Older Americans frown on the influence of big money on the presidential campaign. By overwhelming majorities, they think limiting the amount of money campaigns can spend would improve the political process. They say those who pay for attack ads should be publicly disclosed, as should outside groups that spend money on campaigns.
They are an idealistic lot. In reality, millions of dollars are flooding into primary states to buy negative TV ads, finance suspicious robo-calls and pay for misleading mail flyers.
In South Carolina, the campaigns of the presidential candidates have been outspent 2-to-1 by so-called Super PACs, political action committees that can accept unlimited contributions and spend the money as they see fit, often to trash candidates.
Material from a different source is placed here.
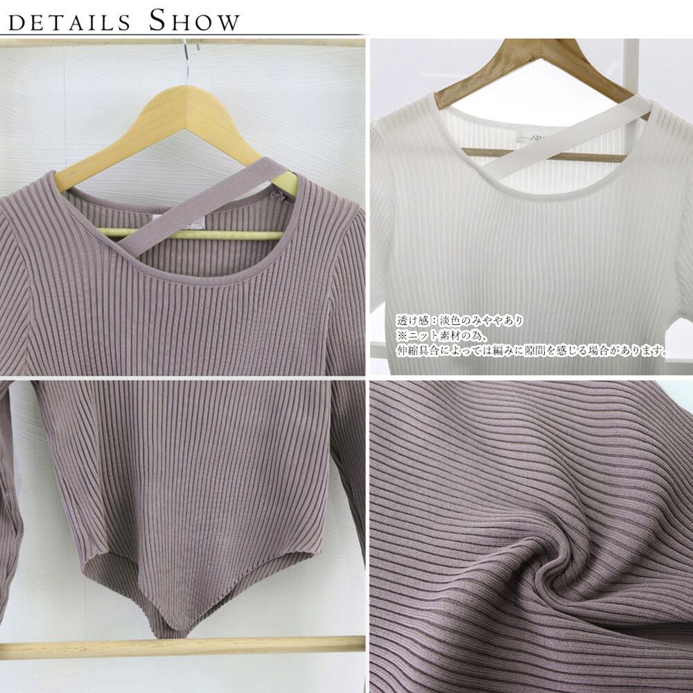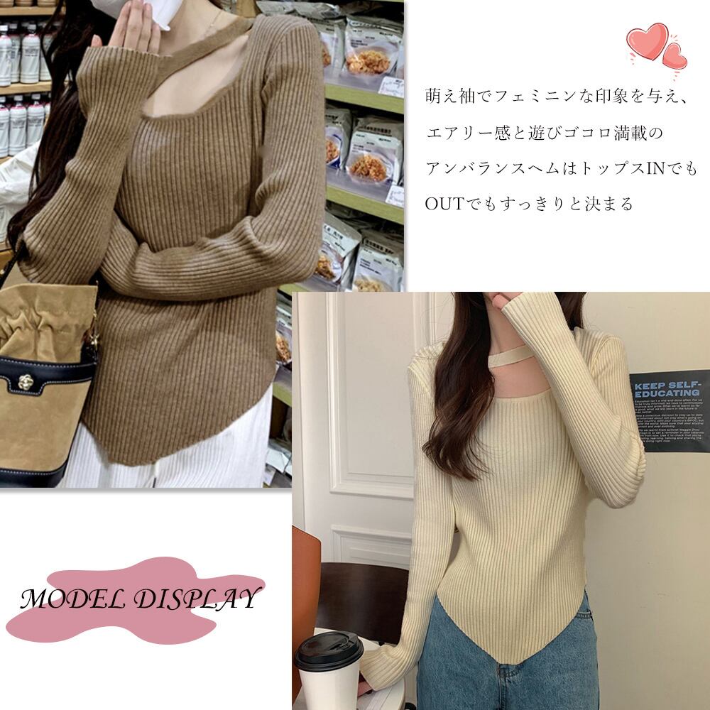 ユニークなチョーカー風Uネックでデコルテを美しく魅せ、ヘルシーな色気を醸し出すリブニットトップス

A U.S. Supreme Court ruling in 2010 opened the door to corporations, nonprofits, unions and wealthy individuals to spend as much money as they wish on politics, undermining years of post-Watergate reforms. The Super PACs were born of that ruling.
Thus, a Las Vegas casino mogul, Sheldon Adelson, can pour $5 million into a Super PAC that supports Newt Gingrich, although Adelson would be restricted to a fraction of that, $5,000, if he gave directly to Gingrich’s campaign. On the Democratic side, Hollywood producer Jeffrey Katzenberg gave $2 million to a pro-Obama Super PAC. These are just two examples.
These mega contributions come at a price.
“There are deep pockets on both sides of the aisle,” says Ed Bender, who runs the nonpartisan National Institute on Money in State Politics. “Wealthy interests come in and, because they can, write the big checks” that influence who is elected.
Voters should seek out unbiased information, Bender says. Check out his followthemoney.org website to find how political contributions play at the state level, and use the Center for Responsive Politics’ opensecrets.org for federal politics. An informed voter is a smart voter.